/---
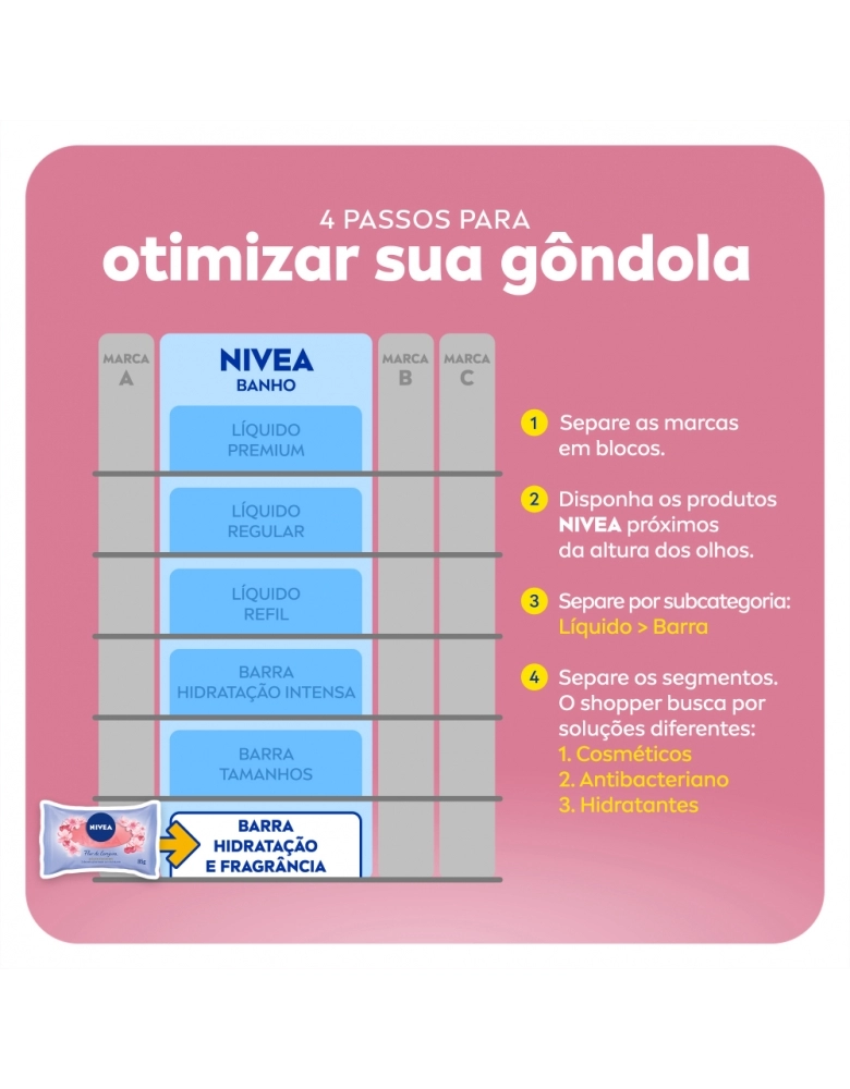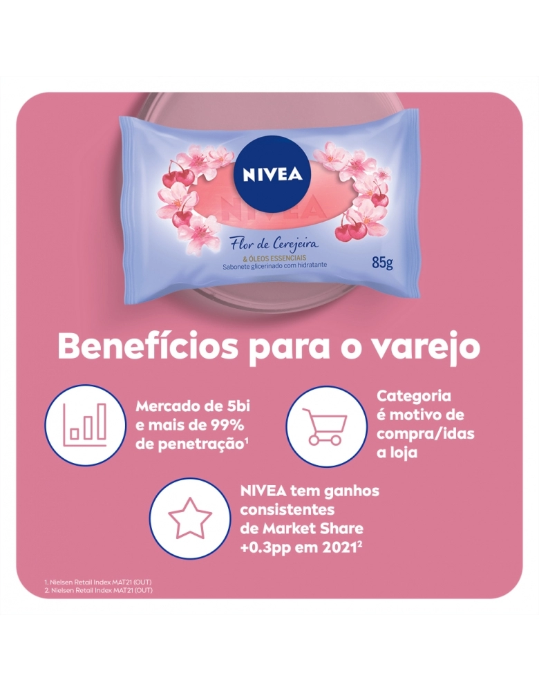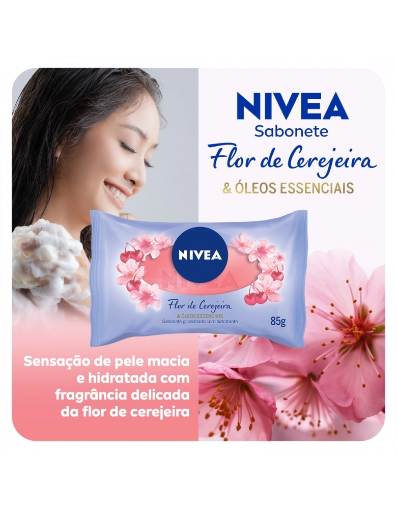 O cuidado com você começa no banho. O primeiro sabonete glicerinado com hidratante de NIVEA que limpa e cuida gentilmente da sua pele, para uma sensação de pele macia e hidratada mesmo após o banho. Com uma espuma cremosa e a deliciosa fragrância da Flor de Cerejeira & Óleos Essenciais estimula seus sentidos, deixando sua pele delicadamente perfumada por mais tempo após o banho. Dermatologicamente testado.
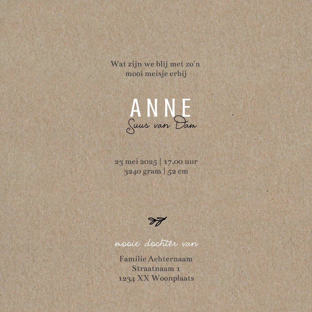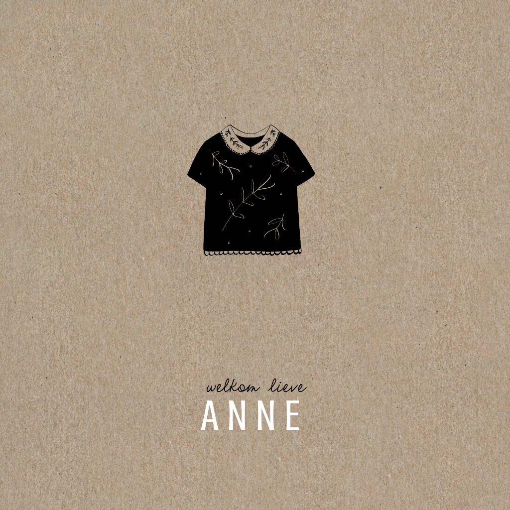 Lief geboortekaartje op kraftpapier voor een meisje met illustratie van een truitje op de voorzijde. Pas de teksten, kleuren en lettertypes eenvoudig aan.
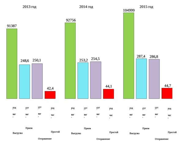 | Прием | 248,6 вагон/сут. | 253,2 вагон/сут. | 287,4 вагон/сут. |
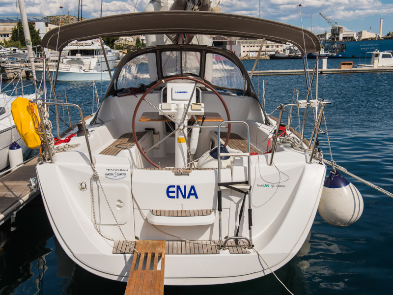 | Outside | Anker mit Kette, Badeleiter, Biminitop, Cockpitdusche, Cockpitlautsprecher, Cockpittisch, Deckbürste, elektr. Ankerwinsch, Fender, Festmacherleinen, Sprayhood, Teak im Cockpit, Wasserschlauch, Windex |
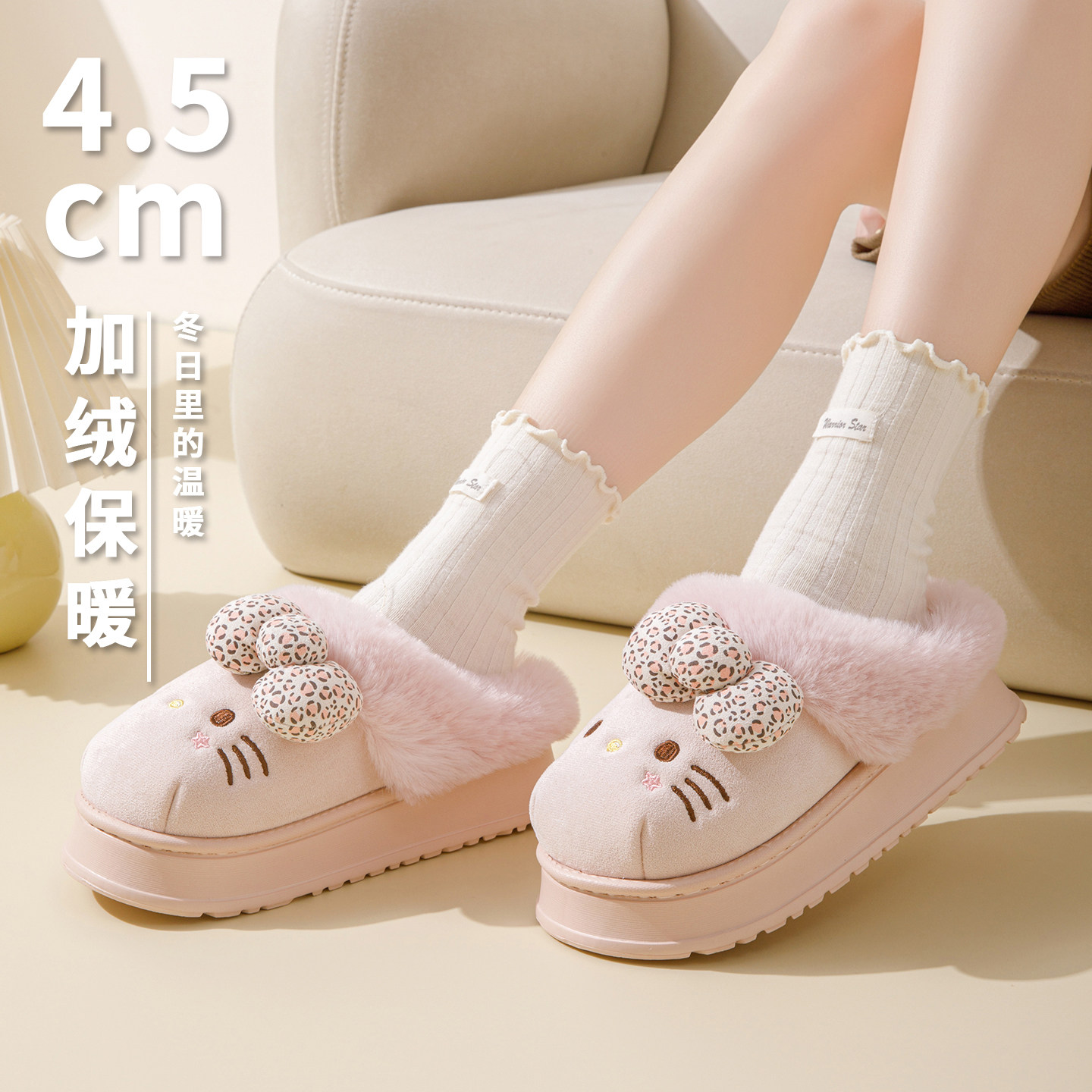 📚 Kitty猫棉拖鞋女居家新款网红可爱三丽鸥厚底eva拖鞋冬季加绒保暖
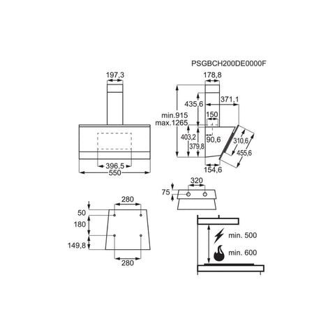• LAE48029: AEG DVB5560B 55cm Angled Chimney Hood - Black Glass
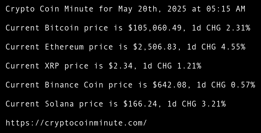 Crypto Coin Minute for May 20th, 2025 at 05:15 AM Pacific Time.
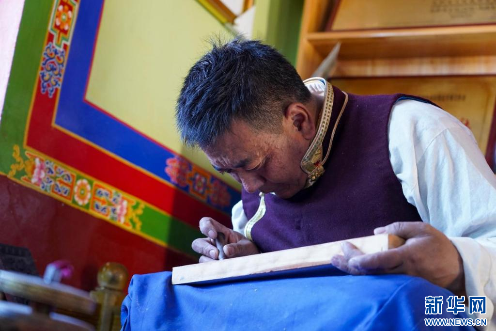 嘎瑪曲扎出生于普松鄉(xiāng)的雕刻世家,在爺爺?shù)挠绊懴?,他從小就對普松雕刻產(chǎn)生了濃厚的興趣。經(jīng)過長期的學(xué)習(xí)與磨練,嘎瑪曲扎的藏文書法雕刻手藝越來越好,并于2014年成為市級非物質(zhì)文化遺產(chǎn)代表性傳承人?!拔蚁氤蔀橄駹敔斈菢拥赂咄氐慕硯?,培養(yǎng)出一批新時代的雕刻書法藝術(shù)人才?!彼f。
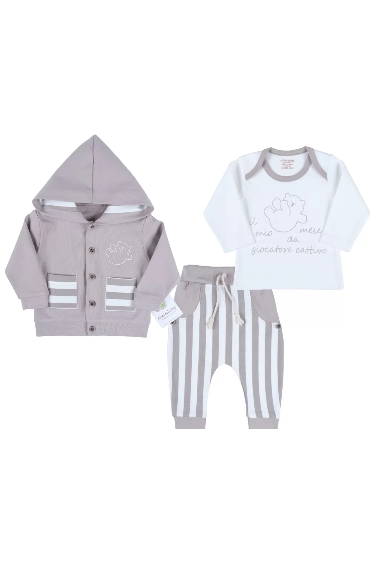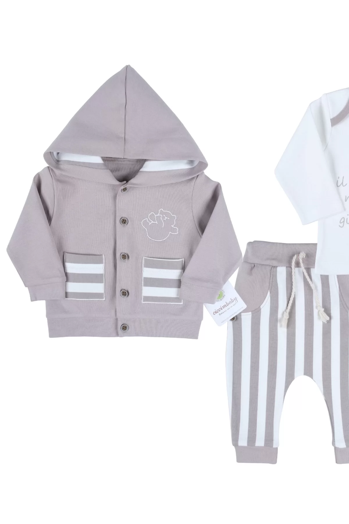 Ayıcık Nakışlı Hırkalı % 100 Pamuk Erkek Bebek Takım
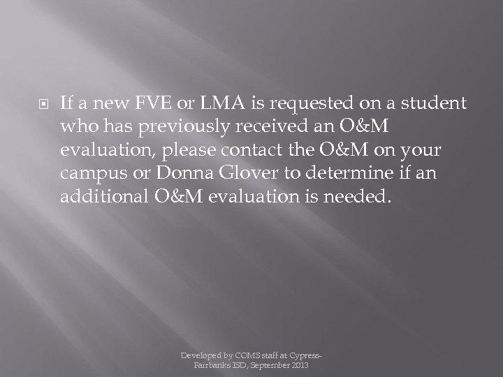 If a new FVE or LMA is requested on a student who has previously received an O&M evaluation, please contact the O&M on your campus or Donna Glover to determine if an additional O&M evaluation is needed. Developed by COMS staff at Cypress. Fairbanks ISD, September 2013
\---
Give the listing again exactly, excluding pictures.

 O cuidado com você começa no banho. O primeiro sabonete glicerinado com hidratante de NIVEA que limpa e cuida gentilmente da sua pele, para uma sensação de pele macia e hidratada mesmo após o banho. Com uma espuma cremosa e a deliciosa fragrância da Flor de Cerejeira & Óleos Essenciais estimula seus sentidos, deixando sua pele delicadamente perfumada por mais tempo após o banho. Dermatologicamente testado.
 Lief geboortekaartje op kraftpapier voor een meisje met illustratie van een truitje op de voorzijde. Pas de teksten, kleuren en lettertypes eenvoudig aan.
 | Прием | 248,6 вагон/сут. | 253,2 вагон/сут. | 287,4 вагон/сут. |
 | Outside | Anker mit Kette, Badeleiter, Biminitop, Cockpitdusche, Cockpitlautsprecher, Cockpittisch, Deckbürste, elektr. Ankerwinsch, Fender, Festmacherleinen, Sprayhood, Teak im Cockpit, Wasserschlauch, Windex |
 📚 Kitty猫棉拖鞋女居家新款网红可爱三丽鸥厚底eva拖鞋冬季加绒保暖
• LAE48029: AEG DVB5560B 55cm Angled Chimney Hood - Black Glass
 Crypto Coin Minute for May 20th, 2025 at 05:15 AM Pacific Time.
 嘎瑪曲扎出生于普松鄉(xiāng)的雕刻世家,在爺爺?shù)挠绊懴?,他從小就對普松雕刻產(chǎn)生了濃厚的興趣。經(jīng)過長期的學(xué)習(xí)與磨練,嘎瑪曲扎的藏文書法雕刻手藝越來越好,并于2014年成為市級非物質(zhì)文化遺產(chǎn)代表性傳承人?!拔蚁氤蔀橄駹敔斈菢拥赂咄氐慕硯?,培養(yǎng)出一批新時代的雕刻書法藝術(shù)人才?!彼f。
 Ayıcık Nakışlı Hırkalı % 100 Pamuk Erkek Bebek Takım
 If a new FVE or LMA is requested on a student who has previously received an O&M evaluation, please contact the O&M on your campus or Donna Glover to determine if an additional O&M evaluation is needed. Developed by COMS staff at Cypress. Fairbanks ISD, September 2013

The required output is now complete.